Fabio González

Personal information
- Full name: Fabio González Estupiñán
- Date of birth: 12 February 1997 (age 29)
- Place of birth: Ingenio, Spain
- Height: 1.76 m (5 ft 9 in)
- Position: Central midfielder

Team information
- Current team: Racing Ferrol
- Number: 6

Youth career
- Las Palmas

Senior career*
- Years: Team / Apps / (Gls)
- 2016–2019: Las Palmas B / 93 / (2)
- 2017–2025: Las Palmas / 119 / (0)
- 2025: Tenerife / 13 / (0)
- 2026–: Racing Ferrol / 15 / (0)

= Fabio González =

Spanish footballer

Fabio González Estupiñán (born 12 February 1997) is a Spanish professional footballer who plays as a central midfielder for Primera Federación club Racing Ferrol.

==Career==
Born in Ingenio, Las Palmas, Canary Islands, Fabio was an UD Las Palmas youth graduate. He made his senior debut with the reserves on 10 September 2016, starting in a 1–1 Tercera División away draw against UD Ibarra.
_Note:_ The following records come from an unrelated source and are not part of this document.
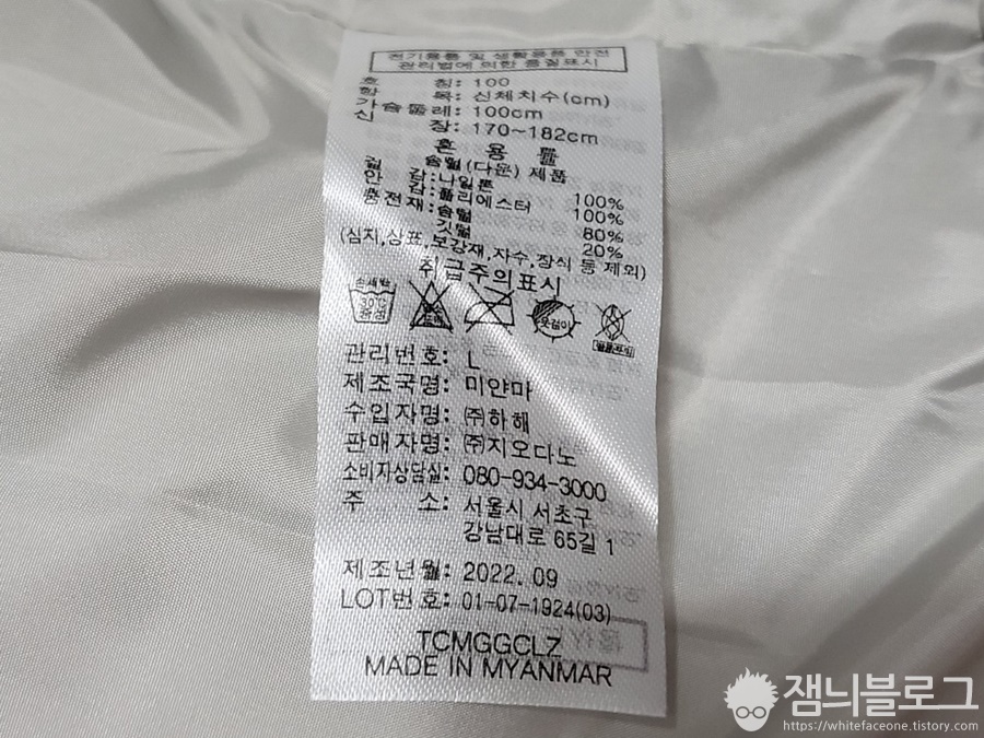옷 안 뒷목 쪽에 태그가 달려있고 옆구리 쪽에 실측태그가 달려있습니다. 재질은 나일론과 폴리이고 충전재는 오리털입니다. 손세탁만 가능합니다. 가슴둘레 100cm이고 권장 신장은 170~182cm입니다.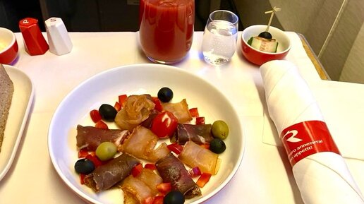 Обед на борту самолёта Боинг 777 а/к Россия рейс Москва-Магадан бизнес-класс (время в пути 7:40)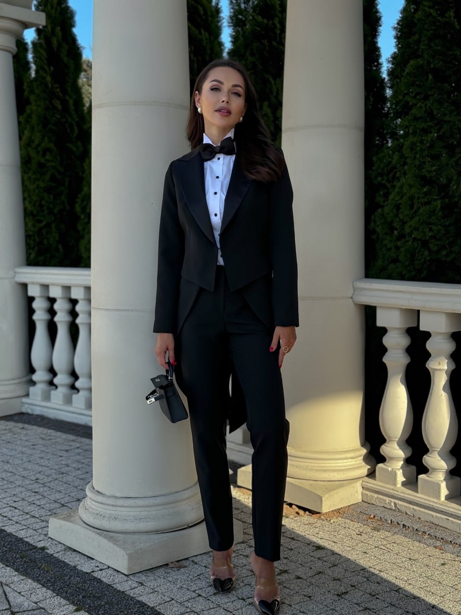 🖤🤍🖤 Женский смокинг-фрак в черном цвете - это продуманный вечерний костюм-тройка с брюками, который легко адаптируется под любое событие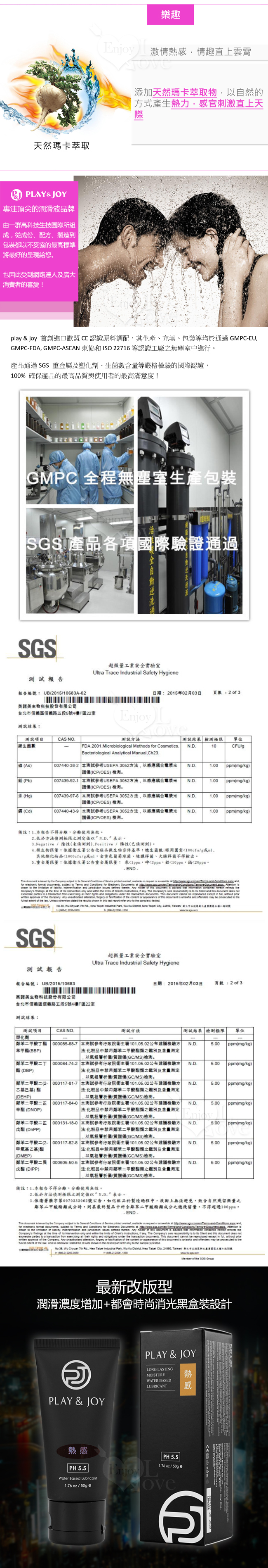 台灣第一品牌Play&Joy狂潮 熱感基本型潤滑液 50g(瑪卡粹取/超熱感)

Fabio scored his first senior goal on 7 January 2017, netting the game's only in an away success over CD Buzanada. He made his first team – and La Liga – debut on 26 August, starting in a 5–1 home loss against Atlético Madrid.

On 17 June 2019, Fabio was definitely promoted to the main squad, now in Segunda División. On 21 June 2022, after establishing himself as a starter, he renewed his contract until 2025.

Also regularly used in the 2022–23 season as the club achieved promotion to the top tier, Fabio spent most of the 2023–24 campaign sidelined due to injuries. On 2 January 2025, he terminated his link with the Amarillos, and moved to rivals CD Tenerife on a six-month deal just hours later.